Showing posts with label Ellen Bernard Thompson Pyle. Show all posts
Showing posts with label Ellen Bernard Thompson Pyle. Show all posts

Friday, February 4, 2022

Saturday, February 4, 1922. Ford buys Lincoln.


An illustration by Ellen Bernard Thompson Pyle graced the cover of The Saturday Evening Post on this day in 1922.

Ford Motors announced it had purchased the financially distressed Lincoln Motor Company.  The purchase out of receivership was for $8,000,000.

Japan agreed to withdraw troops from Shandong, restore German interests, surprisingly, in Qingdao, and given the Jinan railway back to China.

A mob in British India burned down a police station in Chauri Chaura killing 22 policemen.

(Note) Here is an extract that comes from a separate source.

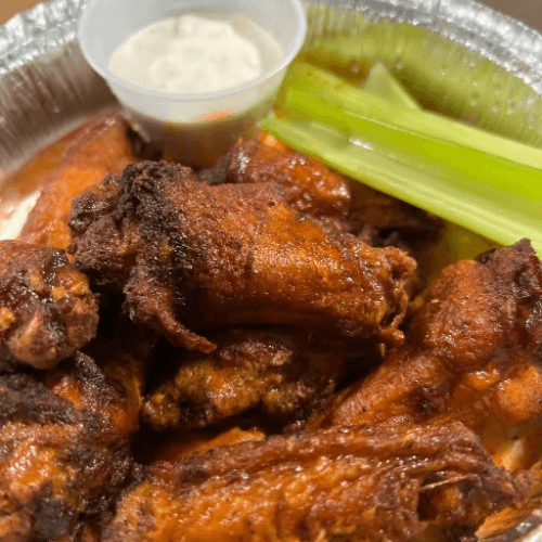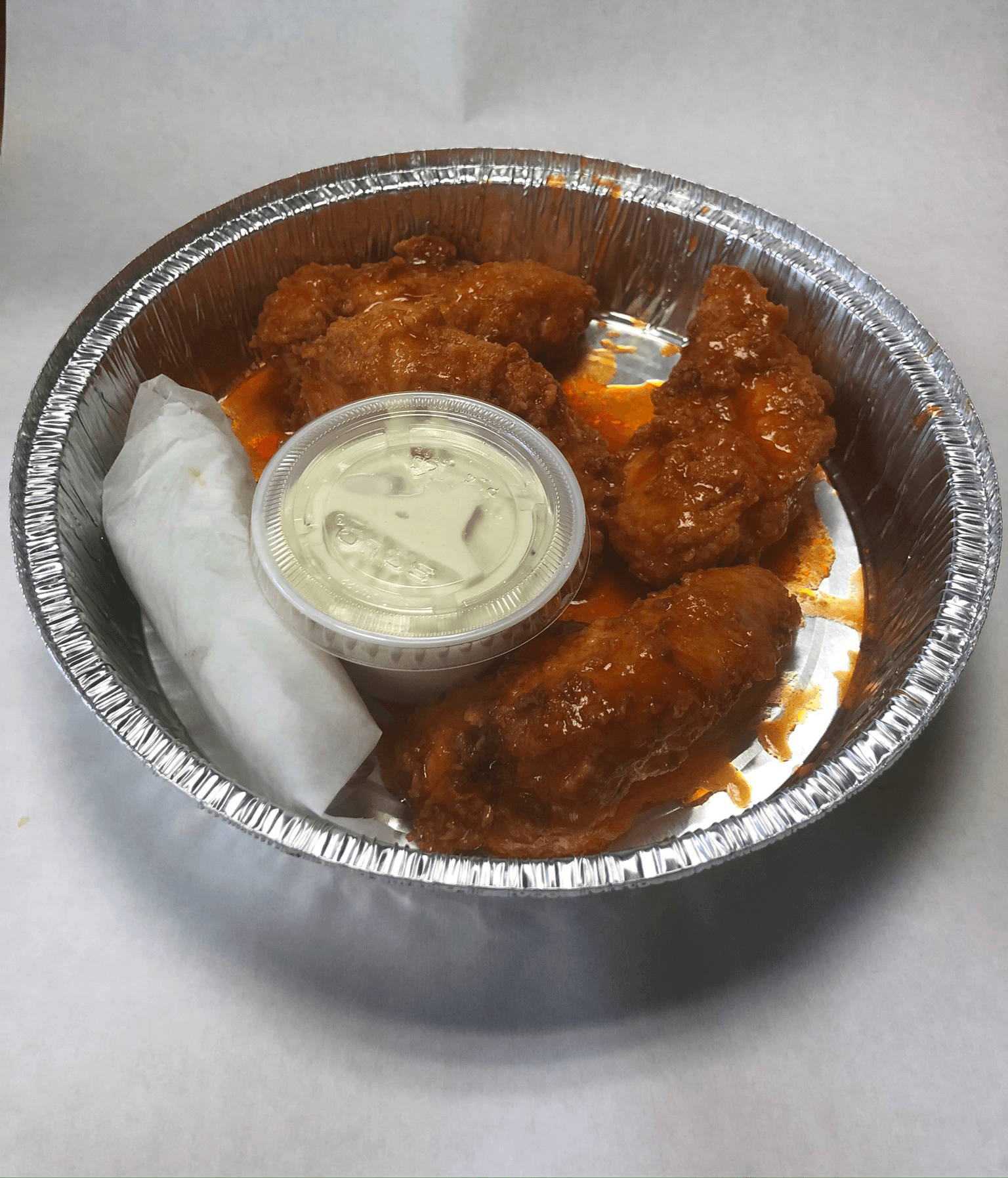 1lb of floured fried tenders. Buffalo flavor comes with blue cheese & celery. For all other flavored boneless chicken add a side of dipping sauce or celery to complete the order.

The action had been sparked by police killing protesters some time earlier.

The family of newly elected Congressman John. L. Cable posed for this photograph:


Sailor suits for boys remained popular at the time, as this photo demonstrates.


Friday, January 21, 2022

Saturday, January 21, 1922. The Irish Race Conference of 1922 convenes.

On this day in 1922, Pope Benedict XV was so near death, that some newspapers were reporting that he had in fact passed away.


The Saturday journals hit the newsstands. 

The Saturday Evening Post featured an illustration by Ellen Bernard Thompson Plyle, a noted illustrator whose career had been interrupted by her role as a mother during part of it. Born in 1876, she retured to illustrations in the late 1910s and had a substantial carrier until her death in the 1930s.


The New York Evening Post experimented with a full color, full page, Krazy Kat.


On the same day, the Irish Race Conference of 1922 commenced in Paris. The conferences, of which there have been several, sought to bring representatives of all of the "Irish Race" together to confer on topics, with the 1922 topic being the treaty with the UK.

While the treaty was largely supported by the Irish, the conference rejected it in favor of a united Ireland with "full" independence.